How to create a valid column condition

The following are guidelines for creating column conditions.

Choose appropriate columns

The types of columns on which you base your column conditions vary per datasource:

Base column conditions on columns whose values will not change, such as PRIMARY or UNIQUE key columns. The objective is to avoid a partition shift, where changes made to the conditional columns of a partition can cause the underlying data to satisfy the conditions of a different (or no) partition.

Partition shift case 1: The column value is updated so that the new value no longer satisfies any column condition:

  • SharePlex performs the operation, but future operations on that row are not replicated. The reason: the row no longer satisfies a column condition.
  • The source and target tables of the original partition are now out of synchronization, but Post returns no errors.

Partition shift case 2: A row that satisfies one column condition gets updated to meet a different condition:

  • Post cannot find a matching target row. The reason: the original change was not replicated because it did not meet the column condition.
  • Post returns an out-of-sync error.

Additionally, you can ensure that data is replicated properly by setting the following parameter on the source prior to activating the configuration file.

  • Set the SP_ORD_HP_IN_SYNC parameter to a value of 1. When this parameter is enabled, if an UPDATE changes a column (conditional column) value resulting in a row that no longer satisfies the correct condition, SharePlex corrects the row. Enabling this parameter causes some performance degradation, depending on how many tables are configured for horizontally partitioned replication. See the SharePlex Reference Guide for more information and a list of conditions corrected by this parameter.

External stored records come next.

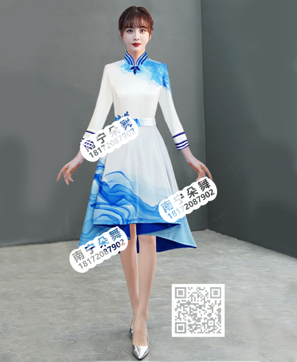 简单描述: 白蓝过渡奥运前短后长礼仪裙2
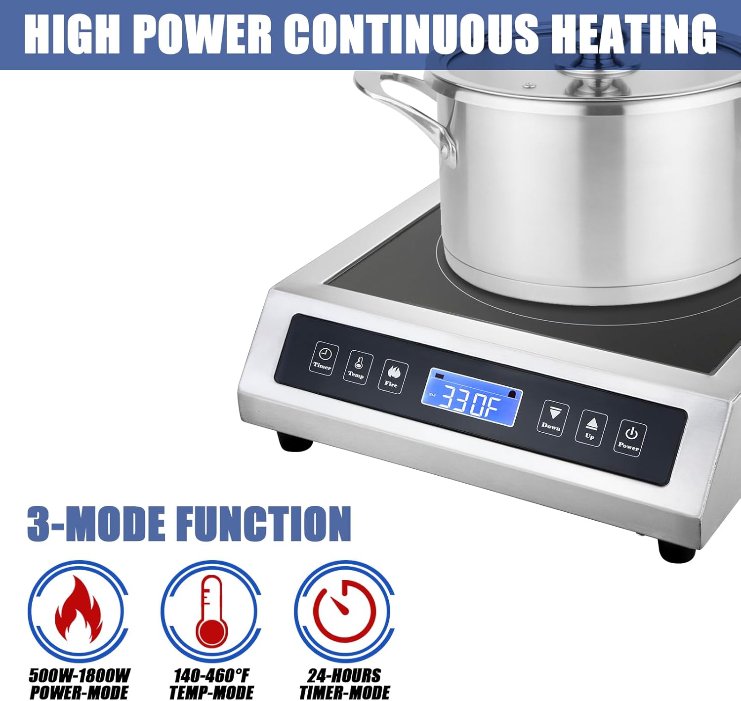 - HIGH EFFICIENCY: This commercial induction cooktop choose from 10 preset power levels (500W to 1800W) and 10 preset temperature level settings (140ยฐF to 460ยฐF). With an 83% energy efficiency rating, induction cooker is more efficient than traditional gas or electric stoves yet provides quick heat-up and faster cooking times.
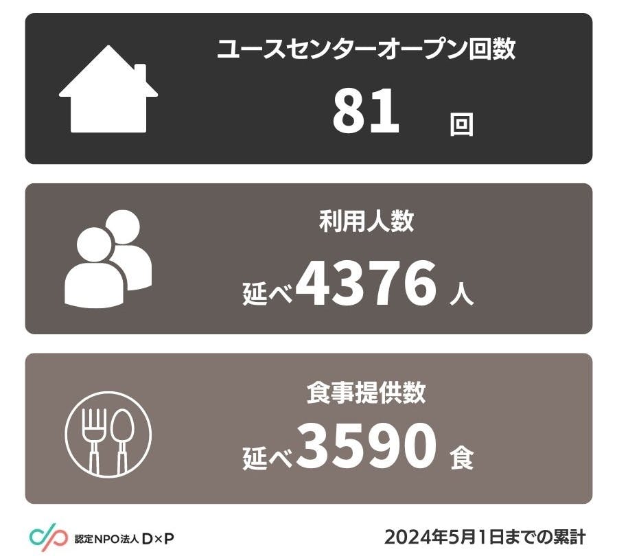 2024/11/06 13:27クラウドファンディング「グリ下から緊急提言!繁華街に集まる4000人の若者に安全な居場所をつくりたい」をご支援いただき、誠にありがとうございました。現在D×Pでは、「年末年始に孤立する若者からのSOS|緊急食糧支援2024 冬」と題し、年末年始に孤立する若者へ食糧・現金を給付する、「ユキサキチャット」の運営費を募るクラウドファンディングを実施しています。▼詳細・ご支援はこちらhttps://readyfor.jp/projects/dxp-sos-nogasanai2024ここ数年続いている物価高の流れは止まらず、支援を求めてユキサキチャットの登録者数は14,000名を越え、今も増え続けています。そして、「年末年始」が近づいてきました。普段頼れる公的機関は閉まり、寒さを凌げる商業施設は時短営業。相談できる友人・知人は家族との時間を過ごします。年末年始は困窮する若者たちにとって、孤立を深める、乗り越えねばならない期間です。12月以降、支援を求める声が集中すると見込まれます。「孤立を未然に防ぐ。困窮する若者からのSOSを逃さない。」という決意のもと、私たちD×Pはこの声に応えていきますが、需要に対して物資を確保し届けるための購入費や人件費が足りません。そこで、D×Pではクラウドファンディングを実施することにしました。目標金額は5000万円、5万食分の食糧支援、650万円分の現金給付をはじめとする、ユキサキチャットの運営費用を募っていきます。現在は224人の方に支援いただき、支援総額は5,662,000円となっております。▼詳細・ご支援はこちらhttps://readyfor.jp/projects/dxp-sos-nogasanai2024クラウドファンディングは12月20日(金)となります。応援・支援よろしくお願いいたします。 もっと見る
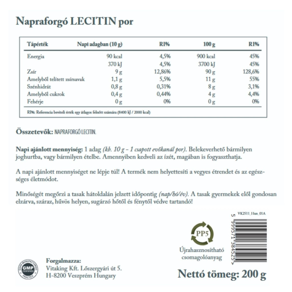 - 100% napraforgó lecitin – természetes, megbízható forrás
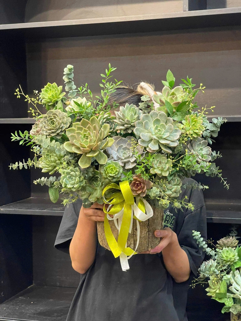 “Whispering Grove” mang dáng vẻ của khu vườn tĩnh lặng — nơi những Succulent (sen đá) đan xen cùng Eucalyptus (bạch đàn) và lá xanh non, kể câu chuyện về sức sống bền bỉ và sự an yên trong từng nhịp thở. Một món quà dung dị mà đầy thanh nhã, gửi đến những tâm hồn yêu thiên nhiên và sự bình yên.
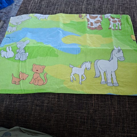 Elefantti aiheinen pussilakana ja tyynyliina. 90-luvulta. Pesty hajustamattomalla pesuaineella.
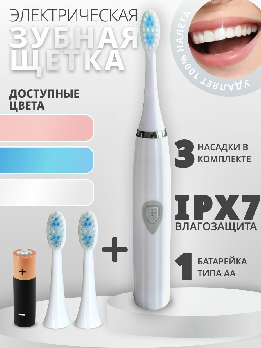 Электрическая зубная щетка с 3 насадками, белая информация:
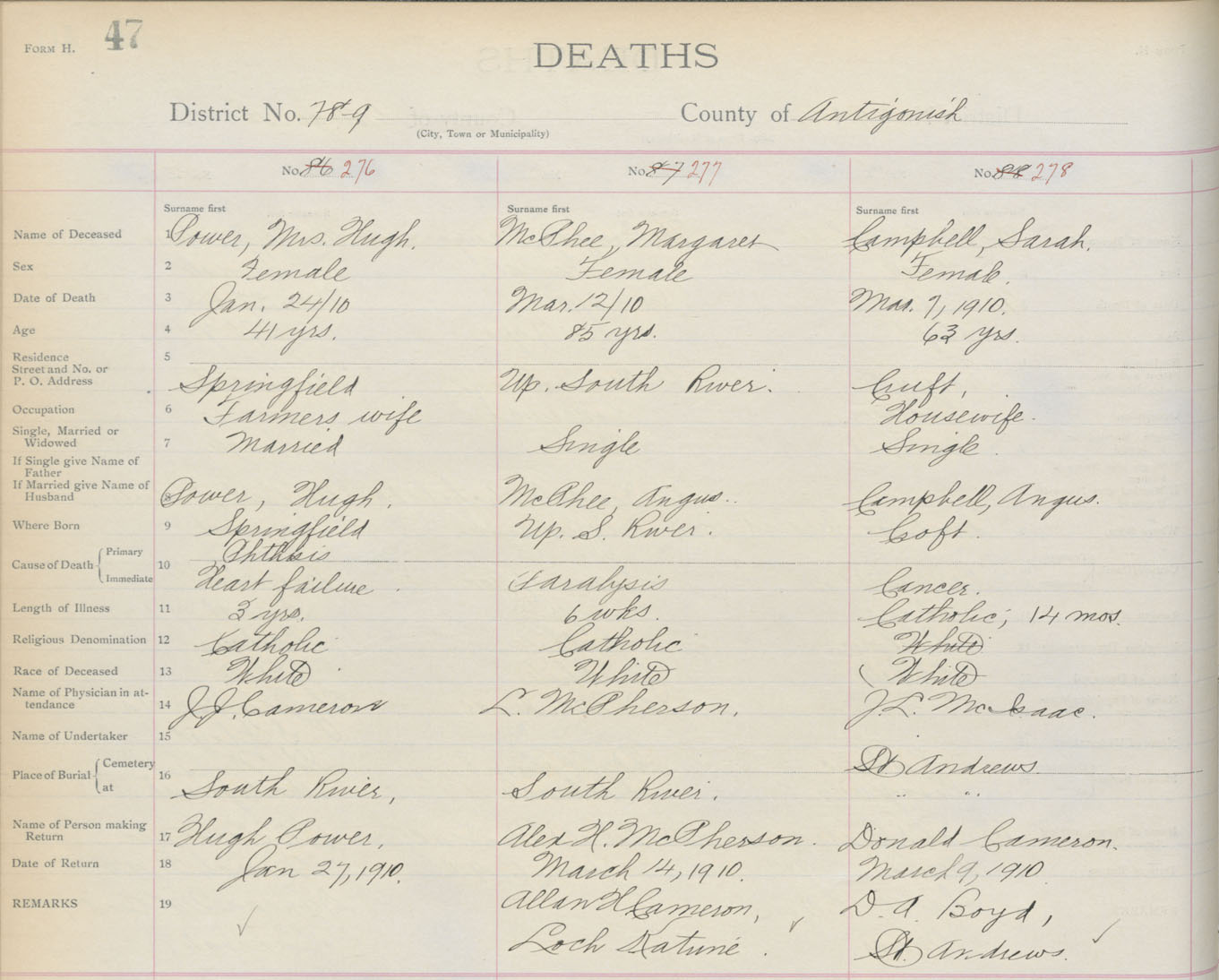 Death Registration: Year: 1910 book: 2 page: 47 number: 276
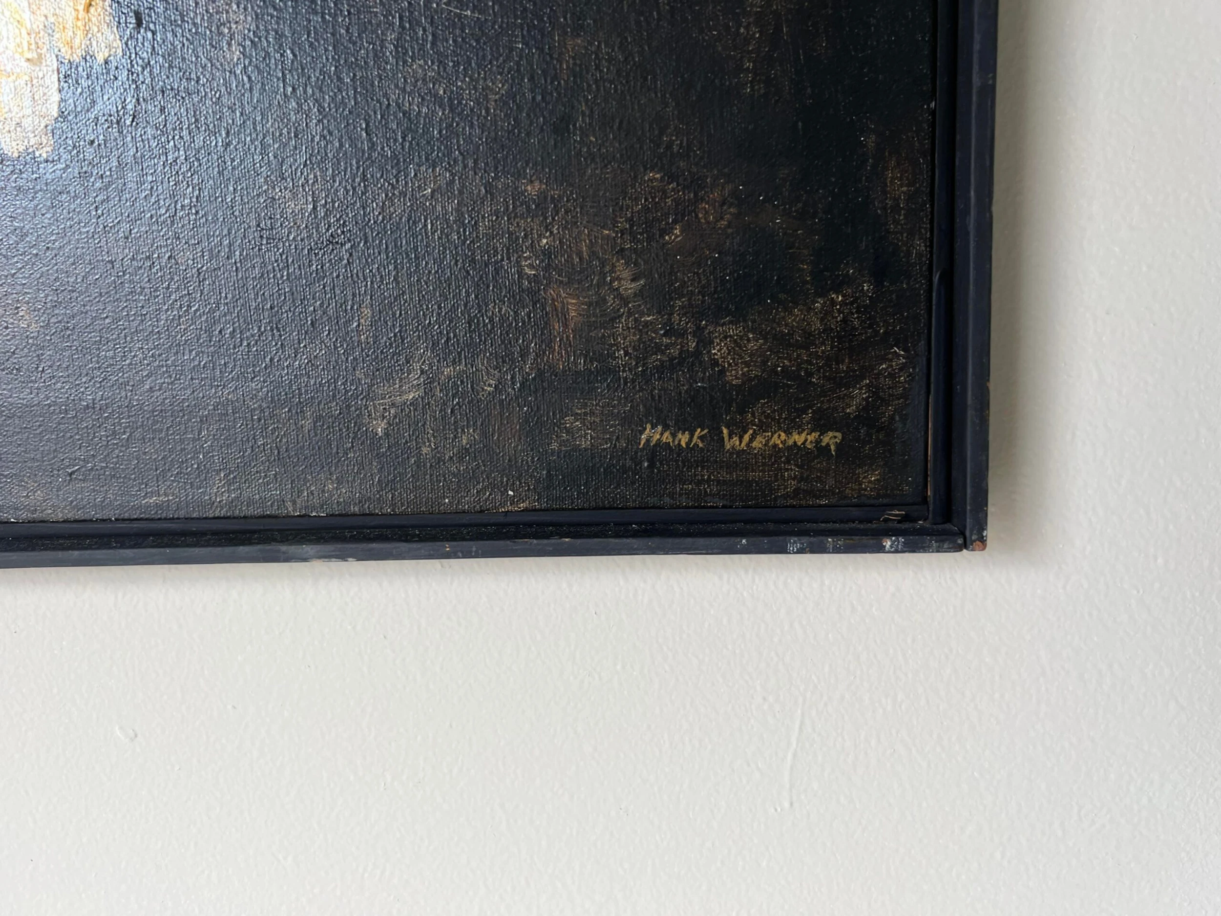 A fine Mid-century abstract expressionist oil painting on canvas By Hank Werner. C,1970’s. Signed lower right side. The work is …
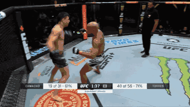 Tại sự kiện UFC Vegas 54 (Mỹ) võ sĩ Manuel Torres tung cú đấm móc cực mạnh khiến Frank Camacho ngã ngửa xuống sàn và mất khả năng chiến đấu.

Note: If you are using a column other than a key to base the column condition on, and you notice reduced performance with horizontally partitioned replication enabled, add a log group for that column. In PostgreSQL, you can set replica identity FULL to use this parameter

Use supported data types

SharePlex supports the following data types in column conditions:

  • SMALLINT

  • INT

  • BIGINT

  • NUMERIC

  • CHAR (<=2000 in length)

  • VARCHAR (1<=4000 in length)

  • DATE

Notes:
  • For the dates, SharePlex uses MMDDSYYYYHH24MISS. For example:

    hiredate<‘1111 2011000000’

  • Horizontally partitioned replication does not support the following:

    • Data types other than the ones listed in this section.
    • Large datatypes like TEXT, CHAR > 2000 length, VARCHAR > 4000 length, VARCHAR without length will not be supported in column condition. (There will be additional large datatypes which will be implemeted in future like BYTEA)

    • UPDATEs or INSERTs on LONG columns larger than 100k (length of data to be updated or insertsin the column)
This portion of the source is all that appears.